Hi! I have no idea if this is maybe an easy task utilizing R since I read there is geographical map data in some package: I have a huge number of geographical points with their coordinates in Germany. Now I want to determine for each point in which "Bundesland" = state it is located. Can anybody tell me if this is doable relatively easy in R and if so give me some hints or links how to do it? Thanks a million, Werner
Using R map data to determine associated state for a coordinate?
3 messages · Werner Wernersen, Thomas Petzoldt, Roger Bivand
Werner Wernersen wrote:
Hi! I have no idea if this is maybe an easy task utilizing R since I read there is geographical map data in some package: I have a huge number of geographical points with their coordinates in Germany. Now I want to determine for each point in which "Bundesland" = state it is located. Can anybody tell me if this is doable relatively easy in R and if so give me some hints or links how to do it? Thanks a million, Werner
Hello Werner,
two building blocks, but don't know if the precision meets your needs.
1. Do you have a good map of Germany *with* Federal States?
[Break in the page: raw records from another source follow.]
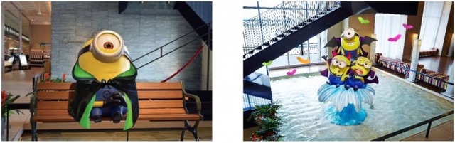 ロビーの「ミニオン」たちは、ドラキュラ風のマントを羽織り、コウモリの羽やデビルの耳、フランケンシュタインのようなボルトをつけて、それぞれがハロウィーンの仮装で大はしゃぎしています。
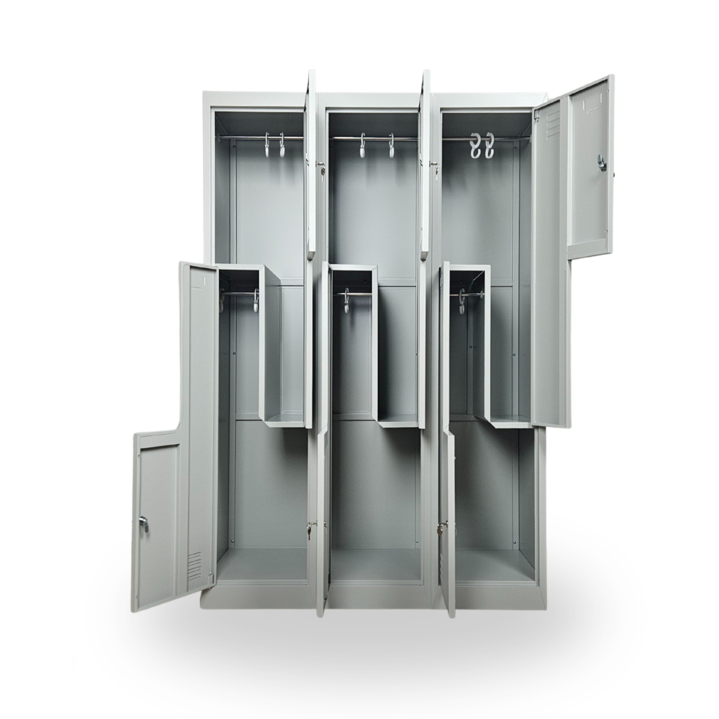 Všetky oddiely sú v hornej časti vybavené šatníkovou tyčou s 2 háčikmi. Na dvierkach nájdete držiaky na menovky a tiež prieduchy, ktoré zaistia vetranie.
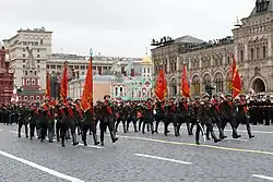 During World War II the order was granted to more than 42,000 Soviet servicemen and nine servicewomen, about 70 foreign generals and officers, and over 1,470 military units that display the order on their banners; in all, 50,585 were awarded.[1] Of those recipients, nine were women – Serafima Amosova, Yevdokiya Bershanskaya, Galina Lomanova, Valentina Kravchenko, Yevdokiya Nikulina, Olga Sanfirova, Mariya Smirnova, Vera Tikhomirova, and Olga Sholokhova.[6][7]
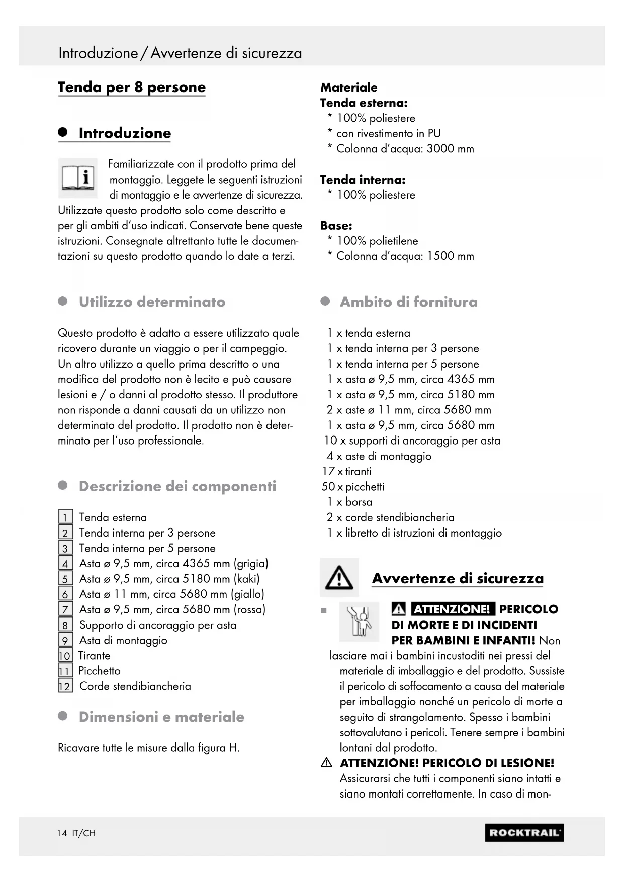 Ambito di fornitura 1 x tenda esterna 1 x tenda interna per 3 persone 1 x tenda interna per 5 persone 1 x asta ø 9,5 mm, circa 4365 mm 1 x asta ø 9,5 mm, circa 5180 mm 2 x aste ø 11 mm, circa 5680 mm 1 x asta ø 9,5 mm, circa 5680 mm 10 x supporti di ancoraggio per asta 4 x aste di montaggio 17 x tiranti 50 x picchetti 1 x borsa 2 x corde stendibiancheria 1 x libretto di istruzioni di montaggio Avvertenze di sicurezza
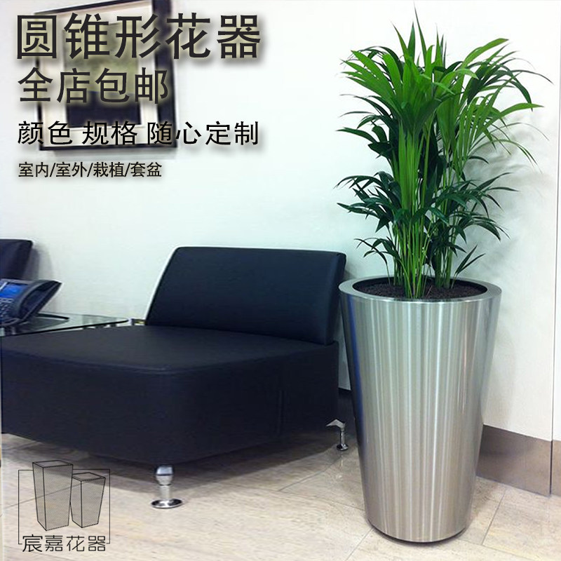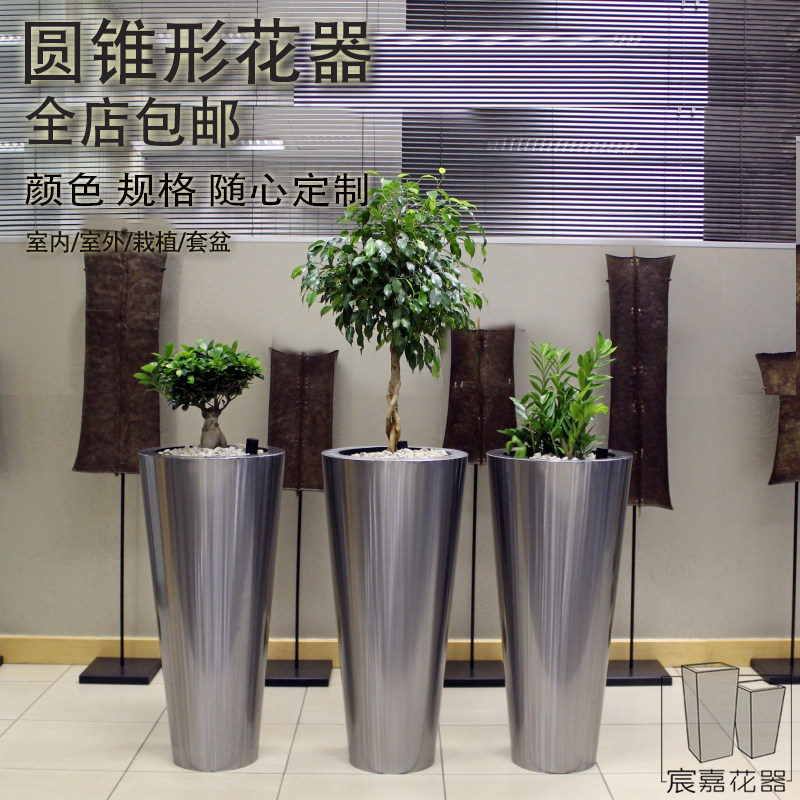 Manufacturer conical stainless steel metal flower pot Chia Floral Flower Bowl Hotel Floral Barrel Office Flower Barrel
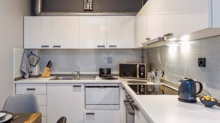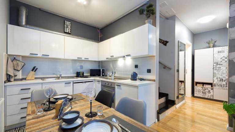 Die Ferienwohnung besteht aus einem Schlafzimmer und einem Wohnzimmer. Die voll ausgestattete Küche bietet alles Notwendige für eine Selbstverpflegung. Es gibt ein Badezimmer mit einer Badewanne sowie kostenlosen Pflegeprodukten. Handtücher und Bettwäsche werden in der Unterkunft bereitgestellt.
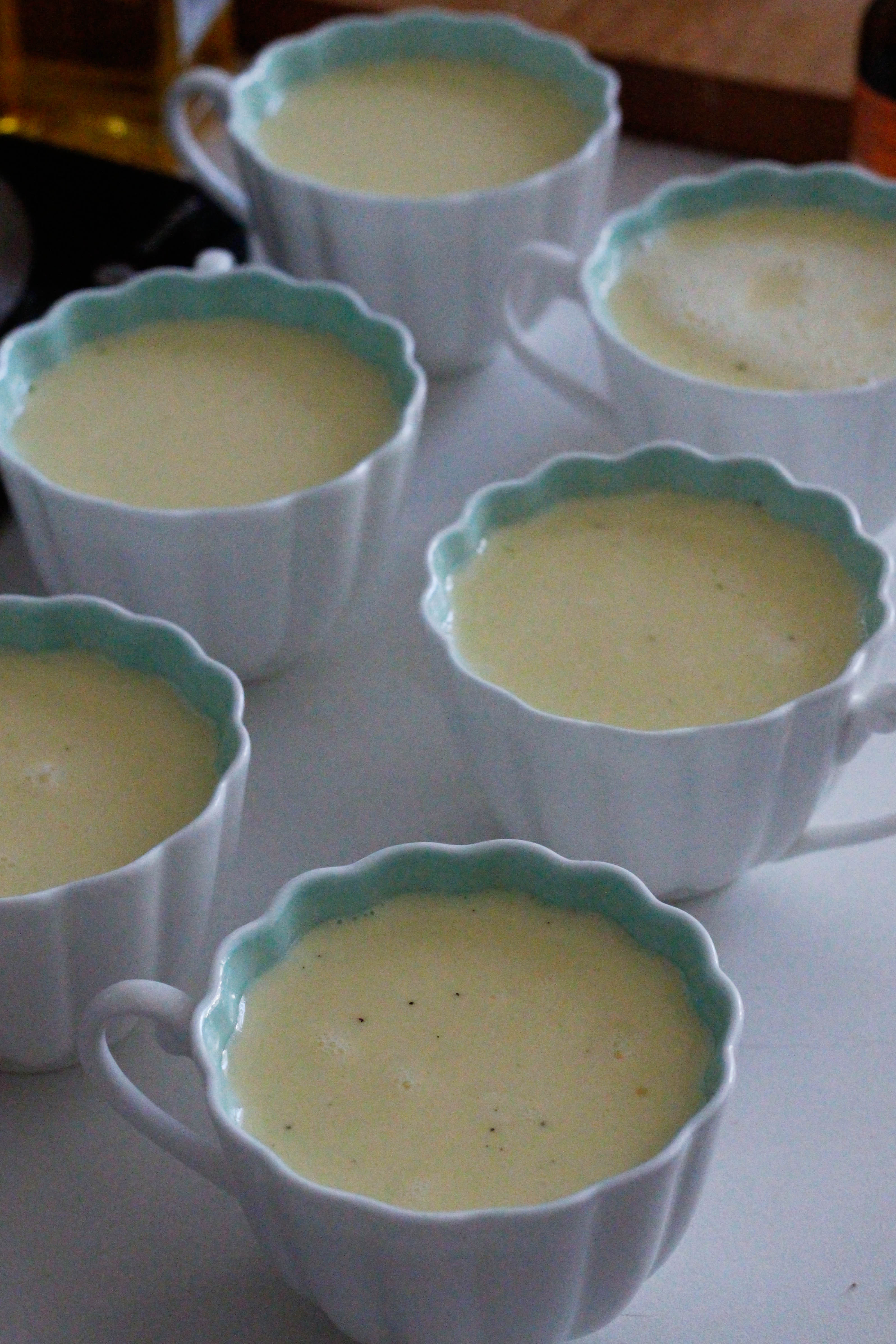 Grease your ramekins, or teacups in my case, with a little flavourless oil – I used rice bran oil – then divide the mixture between the ramekins and refrigerate overnight.

* If YES and if it's free:
==> I would be interested! Please post it's source.
* If NO:
==> Downloadable map data are available on:
http://www.vdstech.com/map_data.htm
2. The following approach reads and converts a shapefile with functions
from maptools and then follows the example of inside.owin() from the
spatstat package.
Hope that helps
Thomas Petzoldt
##########################################################
library(maptools)
library(spatstat)
ger <- read.shape("germany.shp")
plot(ger)
pger <- Map2poly(ger)
sx<- pger[[13]]
lines(sx, type="l", col="red") # Saxony ;-)
## Create an owin (observation window) object
# direction of coordinates must be reversed, in some cases
# if error message: remove rev()'s
saxony <- owin(poly=list(x=rev(sx[,1]), y=rev(sx[,2])))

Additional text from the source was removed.